EXERCISE DETAILS: From the line containing "Oliveswood barn a" to the line containing "近日,國家衛(wèi)生健康" in the entries below, reproduce every line exactly, ends included. Nothing else belongs in the copy, and no pictures.

DATA TO PROCESS:
▬▬▬

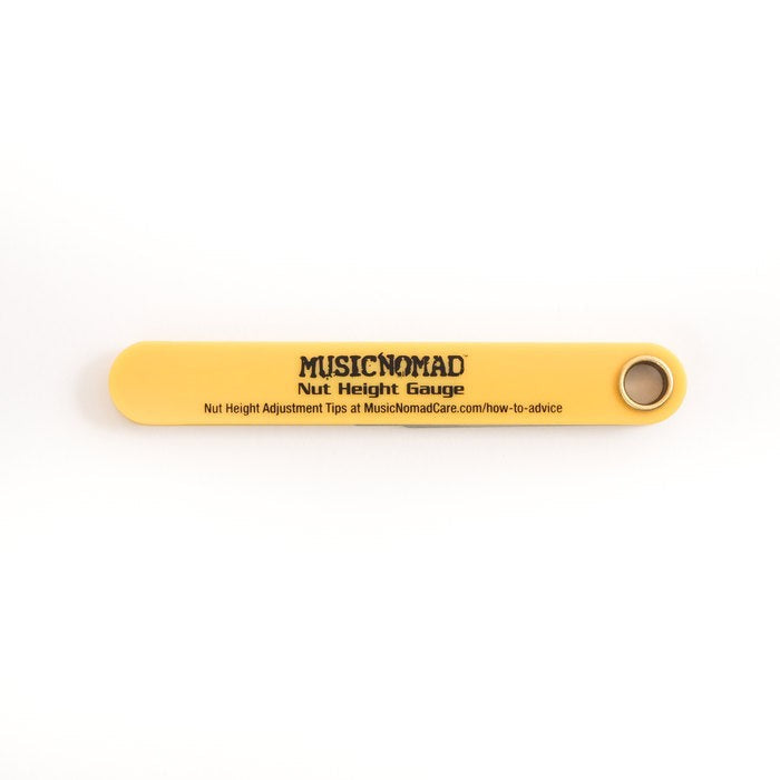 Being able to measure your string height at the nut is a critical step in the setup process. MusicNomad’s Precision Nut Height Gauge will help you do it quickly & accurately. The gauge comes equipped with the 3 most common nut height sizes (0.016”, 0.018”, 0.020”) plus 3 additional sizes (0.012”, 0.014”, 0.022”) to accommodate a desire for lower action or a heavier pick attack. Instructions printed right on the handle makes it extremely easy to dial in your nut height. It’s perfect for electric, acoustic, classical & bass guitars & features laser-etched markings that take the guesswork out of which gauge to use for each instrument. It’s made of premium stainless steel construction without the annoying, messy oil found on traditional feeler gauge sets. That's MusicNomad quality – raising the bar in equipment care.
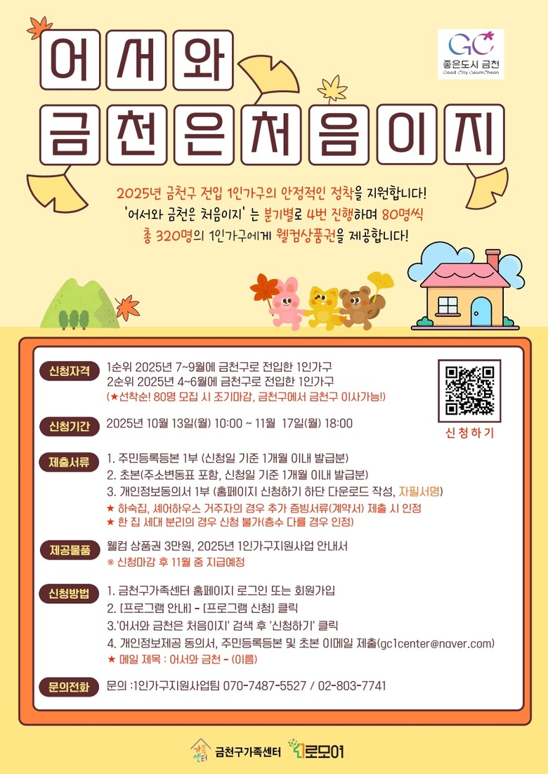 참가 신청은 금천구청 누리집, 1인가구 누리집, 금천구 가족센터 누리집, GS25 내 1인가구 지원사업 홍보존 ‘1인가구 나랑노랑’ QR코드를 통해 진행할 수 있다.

▬▬▬

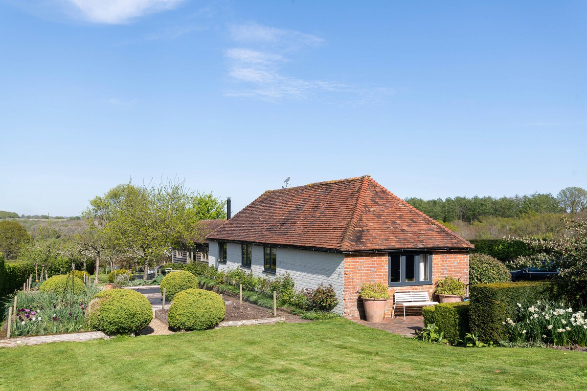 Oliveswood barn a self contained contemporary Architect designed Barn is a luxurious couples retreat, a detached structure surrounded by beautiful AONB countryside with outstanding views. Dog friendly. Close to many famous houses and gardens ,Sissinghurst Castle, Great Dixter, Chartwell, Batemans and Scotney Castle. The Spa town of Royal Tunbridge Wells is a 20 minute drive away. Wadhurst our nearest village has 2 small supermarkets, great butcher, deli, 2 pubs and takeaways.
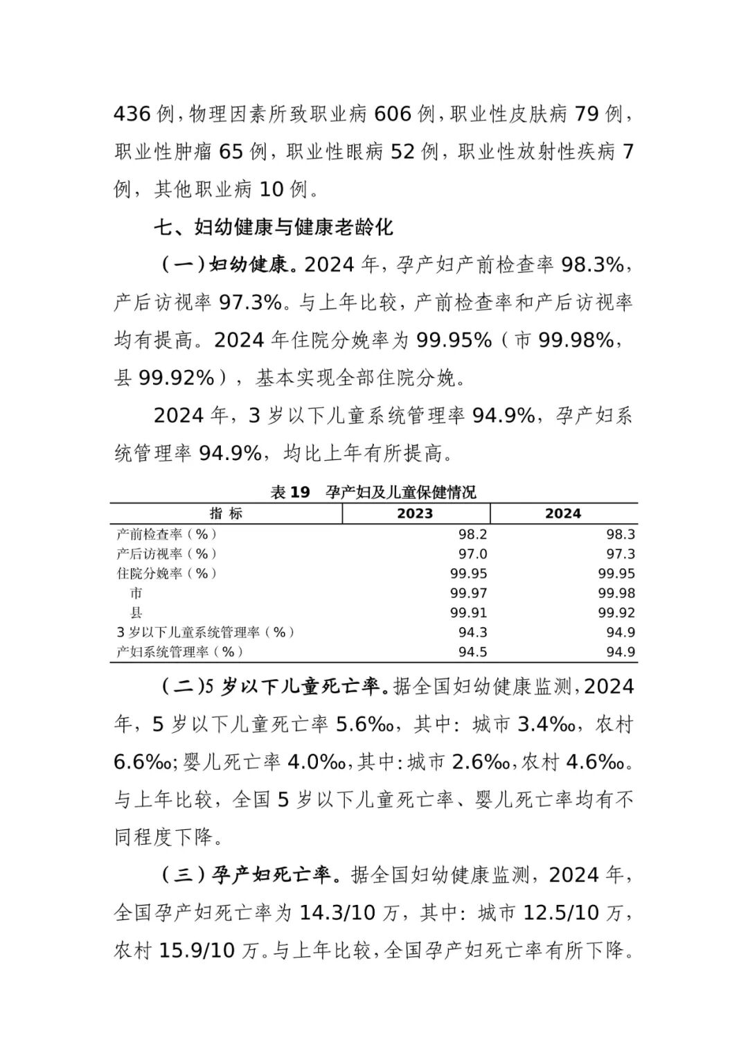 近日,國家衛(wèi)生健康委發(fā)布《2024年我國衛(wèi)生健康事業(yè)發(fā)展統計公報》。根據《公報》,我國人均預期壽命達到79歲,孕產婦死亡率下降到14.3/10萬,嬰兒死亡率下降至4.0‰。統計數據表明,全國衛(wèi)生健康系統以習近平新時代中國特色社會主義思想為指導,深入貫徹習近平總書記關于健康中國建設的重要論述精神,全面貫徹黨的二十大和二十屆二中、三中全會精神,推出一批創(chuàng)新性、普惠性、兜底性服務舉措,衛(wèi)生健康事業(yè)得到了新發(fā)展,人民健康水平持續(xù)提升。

▬▬▬

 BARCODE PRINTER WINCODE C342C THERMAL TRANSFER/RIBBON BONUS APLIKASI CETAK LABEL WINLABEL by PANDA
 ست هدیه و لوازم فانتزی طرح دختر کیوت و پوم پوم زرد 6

▬▬▬

EXPECTED OUTPUT:
 Oliveswood barn a self contained contemporary Architect designed Barn is a luxurious couples retreat, a detached structure surrounded by beautiful AONB countryside with outstanding views. Dog friendly. Close to many famous houses and gardens ,Sissinghurst Castle, Great Dixter, Chartwell, Batemans and Scotney Castle. The Spa town of Royal Tunbridge Wells is a 20 minute drive away. Wadhurst our nearest village has 2 small supermarkets, great butcher, deli, 2 pubs and takeaways.
 近日,國家衛(wèi)生健康委發(fā)布《2024年我國衛(wèi)生健康事業(yè)發(fā)展統計公報》。根據《公報》,我國人均預期壽命達到79歲,孕產婦死亡率下降到14.3/10萬,嬰兒死亡率下降至4.0‰。統計數據表明,全國衛(wèi)生健康系統以習近平新時代中國特色社會主義思想為指導,深入貫徹習近平總書記關于健康中國建設的重要論述精神,全面貫徹黨的二十大和二十屆二中、三中全會精神,推出一批創(chuàng)新性、普惠性、兜底性服務舉措,衛(wèi)生健康事業(yè)得到了新發(fā)展,人民健康水平持續(xù)提升。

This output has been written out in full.